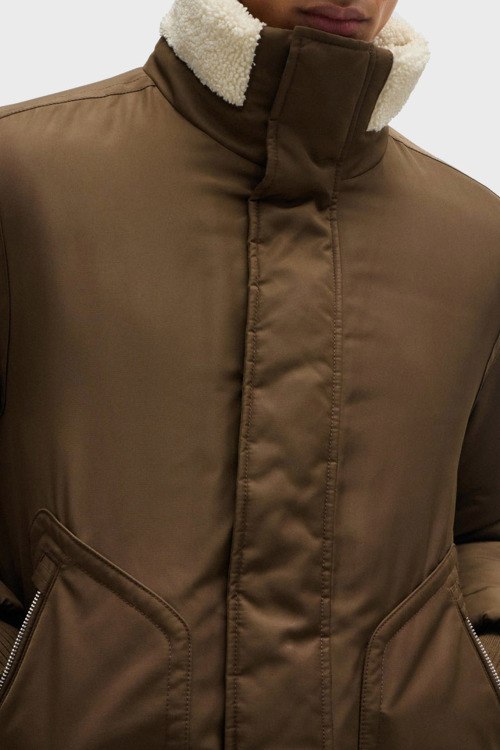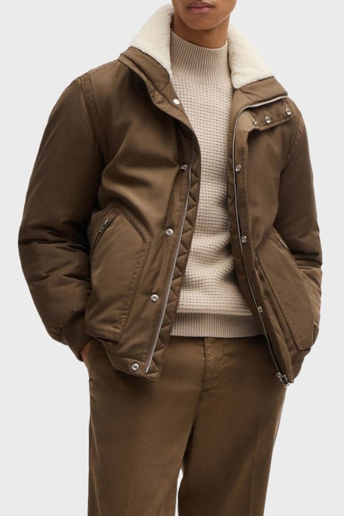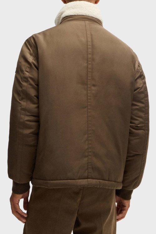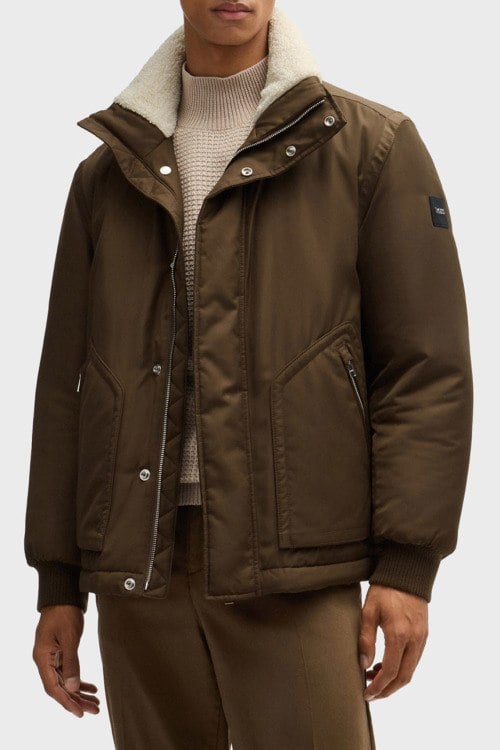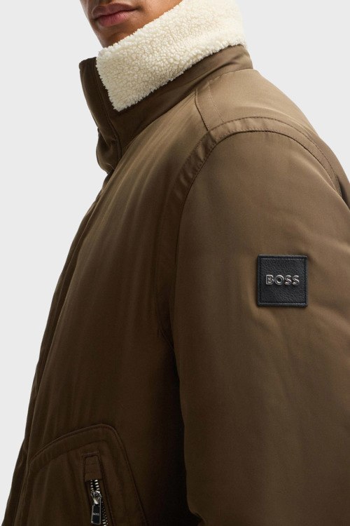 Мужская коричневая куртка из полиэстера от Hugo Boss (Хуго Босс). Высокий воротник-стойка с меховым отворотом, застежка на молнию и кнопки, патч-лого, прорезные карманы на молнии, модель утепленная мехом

== == ==

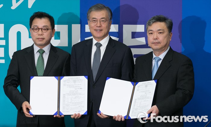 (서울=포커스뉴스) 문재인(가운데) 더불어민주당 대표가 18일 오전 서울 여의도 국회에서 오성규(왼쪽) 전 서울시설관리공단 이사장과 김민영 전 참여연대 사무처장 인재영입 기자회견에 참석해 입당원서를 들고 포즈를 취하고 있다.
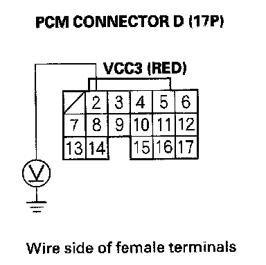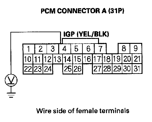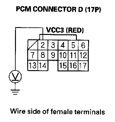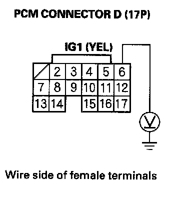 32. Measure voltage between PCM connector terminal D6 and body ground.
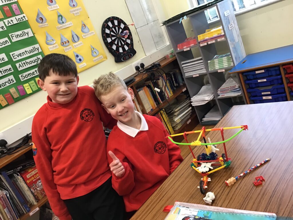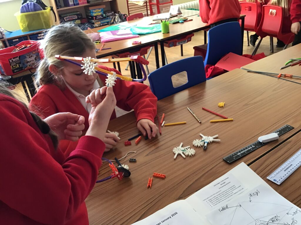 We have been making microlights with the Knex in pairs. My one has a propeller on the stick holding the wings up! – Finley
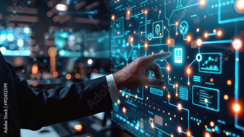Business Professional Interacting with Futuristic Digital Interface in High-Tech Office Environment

== == ==

• Your objective:
Starting with the line that has "(서울=포커스뉴스) 문재인(가운데) 더불어민주당" and ending with the line that has "Business Professional Interacting", repeat the lines above exactly, omitting every picture.

• Result of the exercise:
 (서울=포커스뉴스) 문재인(가운데) 더불어민주당 대표가 18일 오전 서울 여의도 국회에서 오성규(왼쪽) 전 서울시설관리공단 이사장과 김민영 전 참여연대 사무처장 인재영입 기자회견에 참석해 입당원서를 들고 포즈를 취하고 있다.
 32. Measure voltage between PCM connector terminal D6 and body ground.
 We have been making microlights with the Knex in pairs. My one has a propeller on the stick holding the wings up! – Finley
Business Professional Interacting with Futuristic Digital Interface in High-Tech Office Environment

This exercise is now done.